Présentation d’Anaïs

Qui suis-je ?

Je m’appelle Anaïs et j’ai 5 ans, je suis née le 7 octobre 2010.

Je suis une petite fille très dynamique et volontaire. Tout le monde dit que je souris tout le temps. C’est vrai je trouve que la vie est belle et je suis très heureuse.

Seulement voilà je suis une enfant comme on dit « différente » ou « exceptionnelle ».

Qu’est-ce que cela veut dire ?

Eh bien, je souffre d’Infirmité Moteur Cérébrale, je suis atteinte de tétraparésie, ce qui veut dire que je suis handicapée des 4 membres.

Je ne marche pas, tient à peine assise, j’ai du mal à manipuler mes jouets, … Je souffre aussi d’hypotonie maxillo-faciale, j’ai du mal à déglutir, à manger des morceaux, je bave énormément (ça c’est pas génial), et surtout je ne parle pas. C’est pour cela que je souris tout le temps. En fait, j’ai envie de vous dire plein de choses mais je ne peux pas ! Mon papa et ma maman ont décidé de créer cette association pour pouvoir me donner toutes les chances d’améliorer mon état physique et de peut-être un jour pouvoir marcher, courir, parler, chanter : j’aimerais tellement…

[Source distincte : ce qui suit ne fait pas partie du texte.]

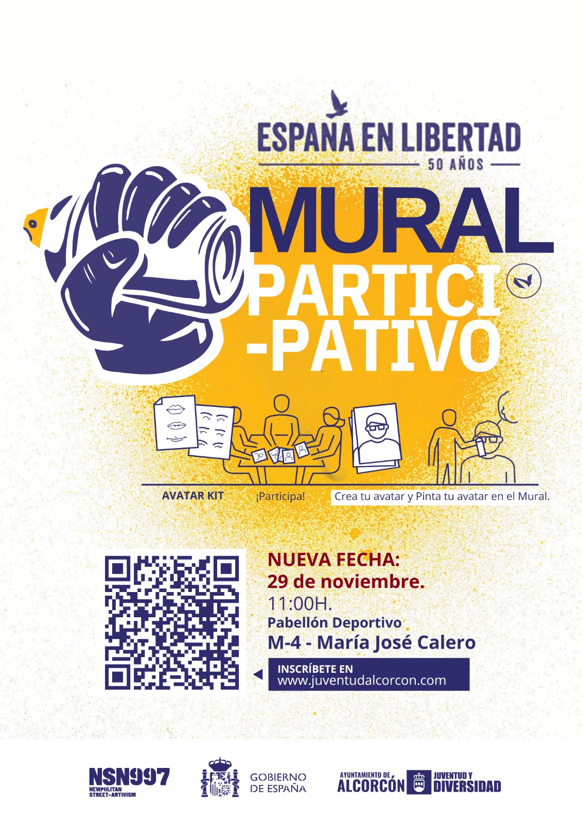 • Esta propuesta consiste en la creación de un mural de forma simultánea en varios municipios de la región como compromiso con los valores democráticos de nuestra sociedad durante las últimas cinco décadas. Este mural, que se creará el próximo 29 de noviembre en el polideportivo M4, se desarrollará a través de un Taller de Street Art que comenzará a las 11 horas. Los y las participantes (a partir de 12 años) deberán diseñar su propio avatar que se plasmará en un mural mediante la técnica del stencil y spray con la ayuda y acompañamiento de un artista urbano durante el proceso.

Pourquoi une association ?

Parce que les traitements classiques proposés en France sont insuffisants pour me permettre de bien progresser et d’atteindre mon autonomie, mes parents vont être obligés de financer d’autres traitements de rééducation qui ont fait leur preuve à l’étranger, mais qui ne sont pas reconnus en France, et qui coûtent très chers, et c’est pour cela qu’ils ont besoin de vous.

La vie avec Anaïs

Éduquer un enfant « différent » demande beaucoup d’énergie, de volonté, de temps, de patience, bien plus que pour des parents qui ont des enfants en bonne santé.
Notre vie personnelle et professionnelle doit être totalement revue afin de donner le plus de chance à notre enfant d’accéder à son autonomie.

A l’annonce du handicap de notre enfant, nous savions que notre vie allait être bouleversée mais nous n’imaginions pas encore à quel point. 2 ans sont passés et nous avons mis en place dès que possible toutes les rééducations qui nous ont été proposées par les neuro-pédiatres qui ont suivi Anaïs au CAMSP de Trappes et à l’Hôpital Béclère de Clamart.

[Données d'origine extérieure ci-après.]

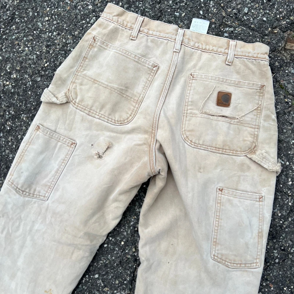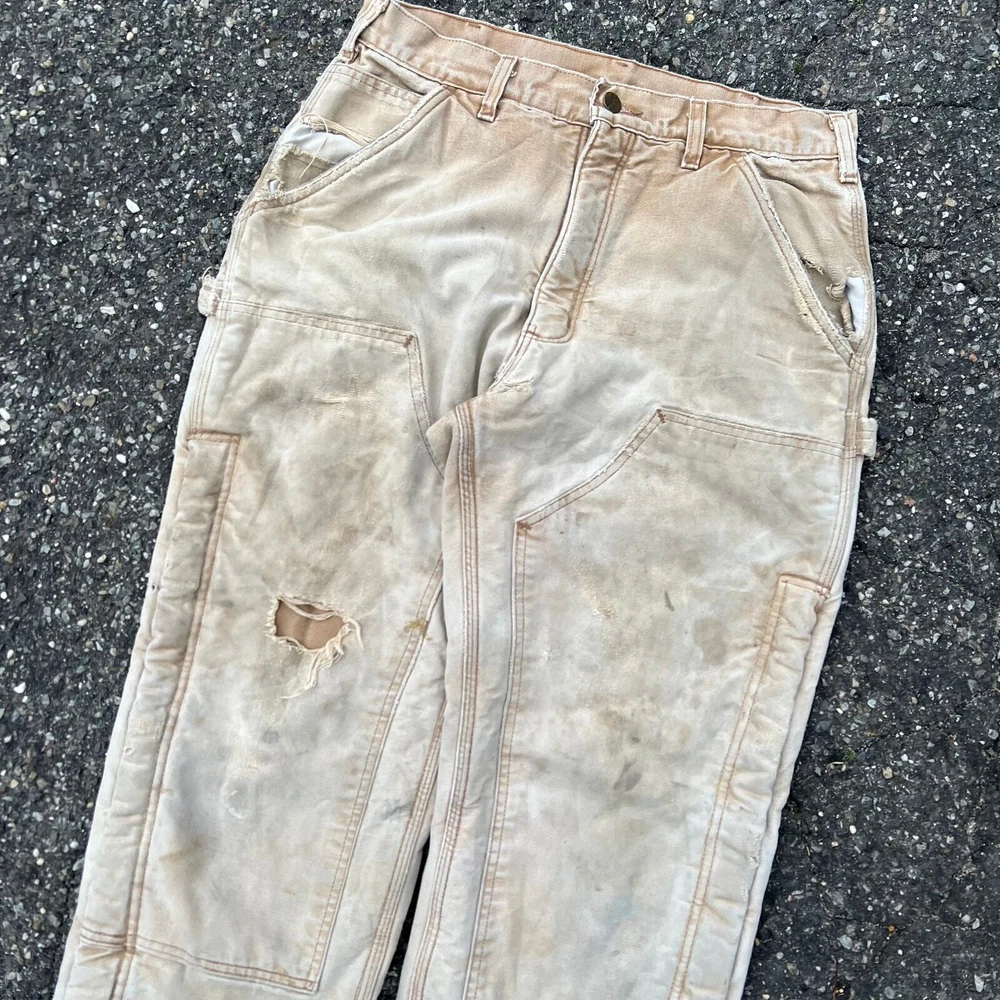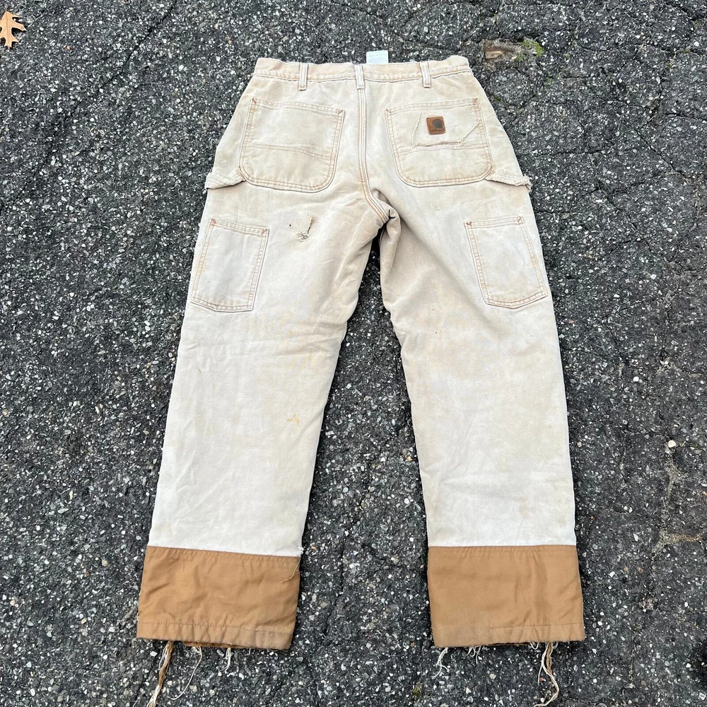 Vintage carhartt brown lined double knee work wear carpenter pants. Great pair. Measure 30x29 and a 9.25 leg opening. Please check measurements before purchasing. I do my best to show any flaws in pictures. Quick shipping! Bundles encouraged! @ants_haul on Instagram. 415!!!

Et puis nous n’en sommes pas restés là, nous nous sommes interrogés aussi bien sur l’évolution de son handicap, les conséquences sur sa santé physique, sur son développement intellectuel. Nous avons découvert peu à peu qu’il y avait d’autres méthodes de rééducation. Malheureusement, elles ne sont pas reconnues en France et se pratiquent, pour certaines, en France et pour d’autres, à l’étranger.

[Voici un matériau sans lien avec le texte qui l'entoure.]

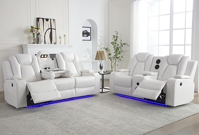 - Attractive LED strips & stereo sound: The striking LED floor strip on the bottom of the sofa couch and loveseat sets illuminates your living space and brings a home theater atmosphere to your living area. It can be easily controlled on or off through buttons. Pair speakers via Bluetooth to play the music in perfect sync, and create an immersive stereo sound experience. Perfect for gaming, music, and movie playback. The recliner sofa set helps you relax while getting into the mood for drama and action. (Tip: Speaker is Not Compatible with TV)

Nous avons rejoint des forums de parents dont les enfants souffrent des mêmes handicaps, nous avons lu et relu des centaines d’articles sur internet, nous avons assisté à des conférences sur le sujet. Et la conclusion aujourd’hui est que nous voulons le meilleur pour notre fille Anaïs, lui faire faire un maximum de soins, mettre le maximum de chances de son côté.

Nous allons tout faire pour t’aider Anaïs !!!